Nick Reetz Book 2 Blog 1

Nick Reetz
Comp. 106
Ms. Gach

Getting Into Guinness
Larry Olmsted
HarperCollins Publisher
Pages 1-110 (Introduction xv-xxi)

"What madness compelled me to risk my physical and mental health? Why would I-or anyone-think playing poker for days without a break was a good idea? The answer is simple: to set  Guinness World Record" (xvii).

The book Getting Into Guinness by Larry Olmsted describes the mission of the author and others to break several world records, along with the history of craziness of the book itself. The book tells several stories and give a wealth of information about the Guinness Book of World Records, which is the world's best selling book, according to the author. One of these stories involves Olmsted attempting to break the record for the longest continuous game of poker. He stayed awake for over 72 hours straight in a casino, playing poker the whole time. He only stopped to go to the bathroom. This is incredible commitment for something that seems so insignificant. However, for many people these types of records are anything but that, especially for those who hold and attempt to break the records. To answer Olmsted's question in the above quotation, people put their lives at risk to be famous. They do if for the glory of having their names in a world wide publication that sells millions of copies every year.

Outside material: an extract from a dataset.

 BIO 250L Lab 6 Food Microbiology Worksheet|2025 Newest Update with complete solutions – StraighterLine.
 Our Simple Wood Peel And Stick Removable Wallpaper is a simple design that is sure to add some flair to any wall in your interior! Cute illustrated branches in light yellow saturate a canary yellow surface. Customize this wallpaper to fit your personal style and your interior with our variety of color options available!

The Record Book actually has an amazing history. The book was started in 1955 by two British Olympians, and was originally owned by the Guinness Brewing Company. Yes, the same company that makes beer also published the first copy of the Guinness Book of World Records. This is where the book got it's name. The rights to the book have been sold and resold to many companies and publishers, and is now owned by Guinness World Records Ltd., a London-based company. Its odd to think that anyone would want to sell the rights to the best selling book of all time, and likely the second most read book in the world behind the Bible. I suppose people just wanted it badly enough, just like the ones in the Book who really want to break records.

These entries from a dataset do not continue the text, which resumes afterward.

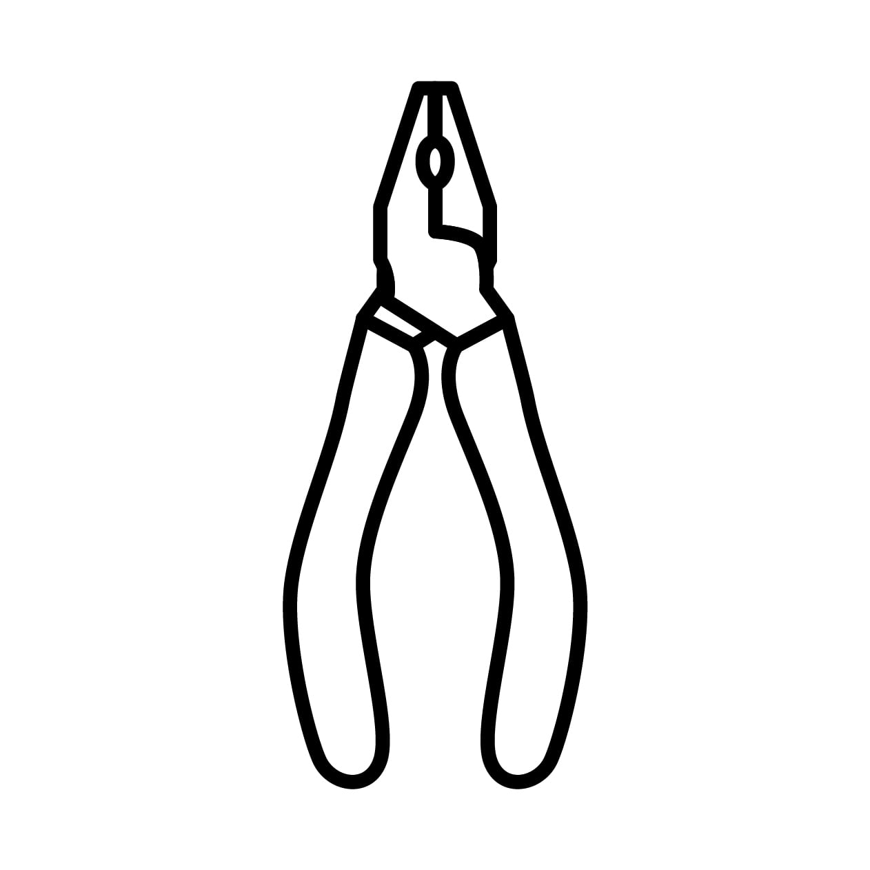 日曜大工やプロの現場で欠かせないペンチ(pliers)のシンプルな線画イラスト素材です。DIY、修理、メンテナンス、電気工事などのテーマに最適で、ウェブサイトのアイコンや広告、取扱説明書などの挿絵として幅広く活用いただけます。ペンチ、ぺんち、Pliersといった表記ゆれに対応し、日本語と英語の両方で検索されやすい構成です。白背景に黒の主線を用いたミニマルなデザインで、清潔感と視認性を両立しています。
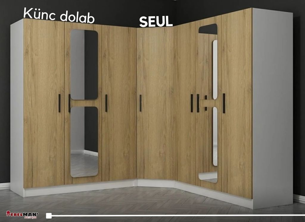 SEUL künc dolab komplekti. 3 dolabdan ibarət 7 qapılı bu dəst sifarişlə İstənilən ölçüdə hazırlanır. İstehsalında qalın Rusiya lamınatından(18 sm) istifadə olunan bu mebel dəstini çox münasib qiymətə, çatdırılma və quraşdırılma pulsuz əldə edə bilərsiz.
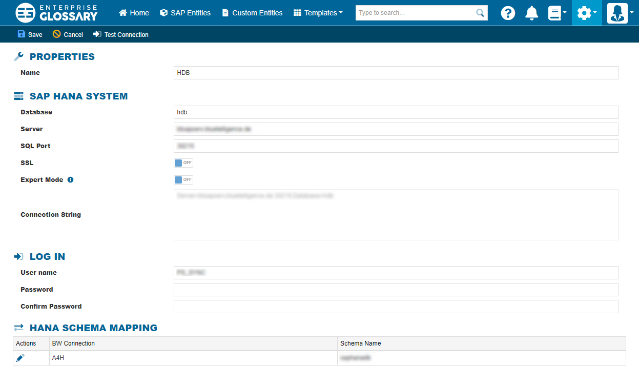 Additionally, the connection mapping to other systems can be read and maintained. This enables the where-used information between the HANA system and systems of other types.

This is an excellent book. Olmsted does a great job of recounting the history of the book and used great descriptions, like when he described what staying awake for 72 hours straight felt like. I really got the feeling that he knew what he was talking about. The stories he tells are fascinating. Both his own, and of others who have broken records. I feel like I really understand the Book and it's history, as well as why someone would work so hard to break records like the ones in the Book. They do it for the glory, the pride, and the ability to see their names in the best selling book of all time, alongside other incredible people.